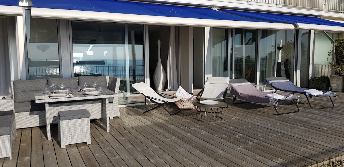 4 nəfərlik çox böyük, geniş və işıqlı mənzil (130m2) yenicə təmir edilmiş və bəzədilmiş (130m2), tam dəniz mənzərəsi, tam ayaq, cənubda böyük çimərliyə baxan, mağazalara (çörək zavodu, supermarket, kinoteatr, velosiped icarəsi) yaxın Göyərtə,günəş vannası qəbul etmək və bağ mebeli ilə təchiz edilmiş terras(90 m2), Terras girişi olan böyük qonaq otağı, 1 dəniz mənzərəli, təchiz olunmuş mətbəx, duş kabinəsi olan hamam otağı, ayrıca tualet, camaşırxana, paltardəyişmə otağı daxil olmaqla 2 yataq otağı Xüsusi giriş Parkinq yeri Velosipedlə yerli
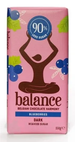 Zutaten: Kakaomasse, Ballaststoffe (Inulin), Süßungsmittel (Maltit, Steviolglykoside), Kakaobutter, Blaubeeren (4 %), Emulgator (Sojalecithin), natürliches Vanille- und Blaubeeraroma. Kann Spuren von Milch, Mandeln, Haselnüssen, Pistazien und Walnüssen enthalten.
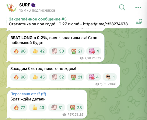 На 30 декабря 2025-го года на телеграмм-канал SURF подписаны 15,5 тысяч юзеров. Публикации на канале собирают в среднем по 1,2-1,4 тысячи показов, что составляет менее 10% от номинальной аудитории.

- **YOUR OBJECTIVE**
The line containing "Zutaten: Kakaomasse, Ballaststoffe" marks the start: set down exactly that line and every line after it through the last line of the data, without any pictures.

- **RESPONSE**
 Zutaten: Kakaomasse, Ballaststoffe (Inulin), Süßungsmittel (Maltit, Steviolglykoside), Kakaobutter, Blaubeeren (4 %), Emulgator (Sojalecithin), natürliches Vanille- und Blaubeeraroma. Kann Spuren von Milch, Mandeln, Haselnüssen, Pistazien und Walnüssen enthalten.
 На 30 декабря 2025-го года на телеграмм-канал SURF подписаны 15,5 тысяч юзеров. Публикации на канале собирают в среднем по 1,2-1,4 тысячи показов, что составляет менее 10% от номинальной аудитории.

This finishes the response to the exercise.